== EXERCISE DATA ==
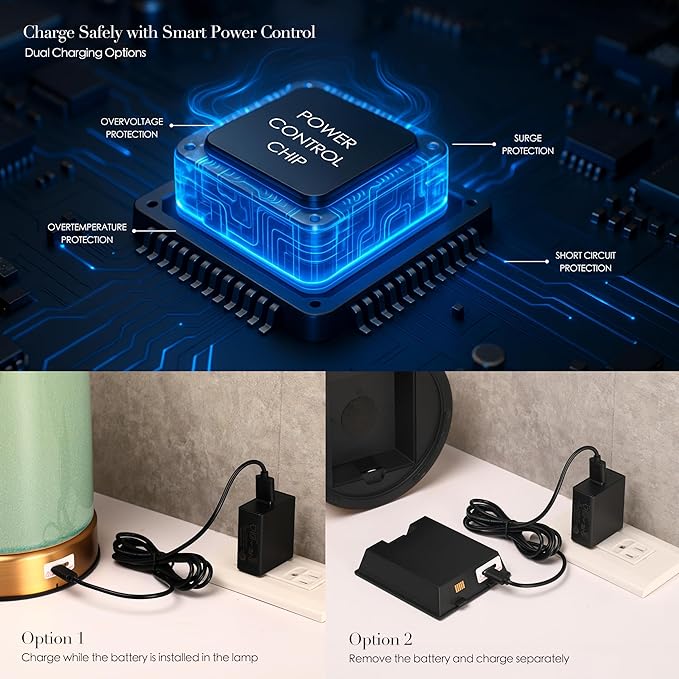 - Go Cordless, Light Up Any Space – Bring the charm of a full-size 19.5-inch table lamp anywhere — from bedside to living room — without worrying about outlets or cords. The Dune’s rechargeable design adds elegant, cable-free lighting to every corner of your home.
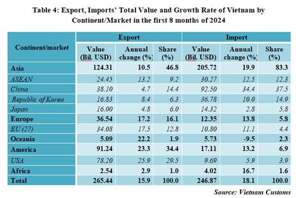 10. In the first 8 months of 2024, Vietnamese merchandise trade with trading partners in Asia was totaled USD 330.02 billion in value terms, which moved up 16.2% as compared to the same period of 2023. Trade-in-goods of Vietnam with America was followed, which reached USD 108.35 billion and increased by 21.6%. The values of other continents were Europe: USD 56.55 billion, up by 16.9%; Oceania: USD 10.82 billion, up by 3.0% and Africa: USD 6.56 billion, up by 10.9% in comparison with the same period of last year.
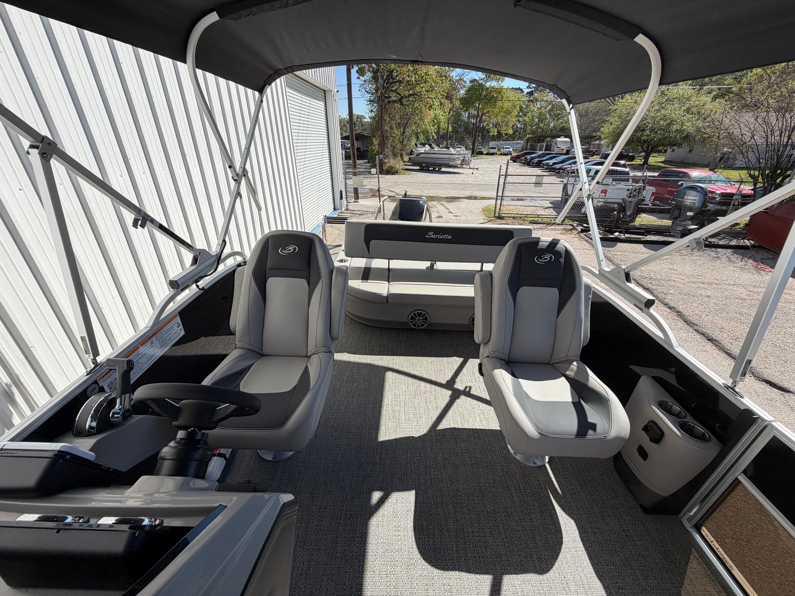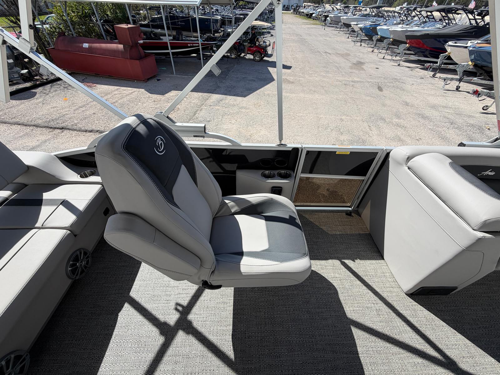 The 2026 Barletta Aria A22UC stands out as a sophisticated and spacious pontoon, measuring just over 21 feet in length. Its sleek profile and contemporary lines are accentuated by the Railskin Color Aria in Black Diamond, giving the boat a bold and elegant presence on the water. The Tempest Gray furniture and Amore Gray flooring create a modern, inviting atmosphere, making every trip feel like a getaway. As a new pontoon boat, the Aria A22UC offers the latest in comfort, safety, and technology, ensuring you enjoy peace of mind and pride of ownership from day one.
===
## PROBLEM TO SOLVE:
Omit the pictures and reproduce the listing exactly.

## TASK SOLUTION:
 - Go Cordless, Light Up Any Space – Bring the charm of a full-size 19.5-inch table lamp anywhere — from bedside to living room — without worrying about outlets or cords. The Dune’s rechargeable design adds elegant, cable-free lighting to every corner of your home.
 10. In the first 8 months of 2024, Vietnamese merchandise trade with trading partners in Asia was totaled USD 330.02 billion in value terms, which moved up 16.2% as compared to the same period of 2023. Trade-in-goods of Vietnam with America was followed, which reached USD 108.35 billion and increased by 21.6%. The values of other continents were Europe: USD 56.55 billion, up by 16.9%; Oceania: USD 10.82 billion, up by 3.0% and Africa: USD 6.56 billion, up by 10.9% in comparison with the same period of last year.
 The 2026 Barletta Aria A22UC stands out as a sophisticated and spacious pontoon, measuring just over 21 feet in length. Its sleek profile and contemporary lines are accentuated by the Railskin Color Aria in Black Diamond, giving the boat a bold and elegant presence on the water. The Tempest Gray furniture and Amore Gray flooring create a modern, inviting atmosphere, making every trip feel like a getaway. As a new pontoon boat, the Aria A22UC offers the latest in comfort, safety, and technology, ensuring you enjoy peace of mind and pride of ownership from day one.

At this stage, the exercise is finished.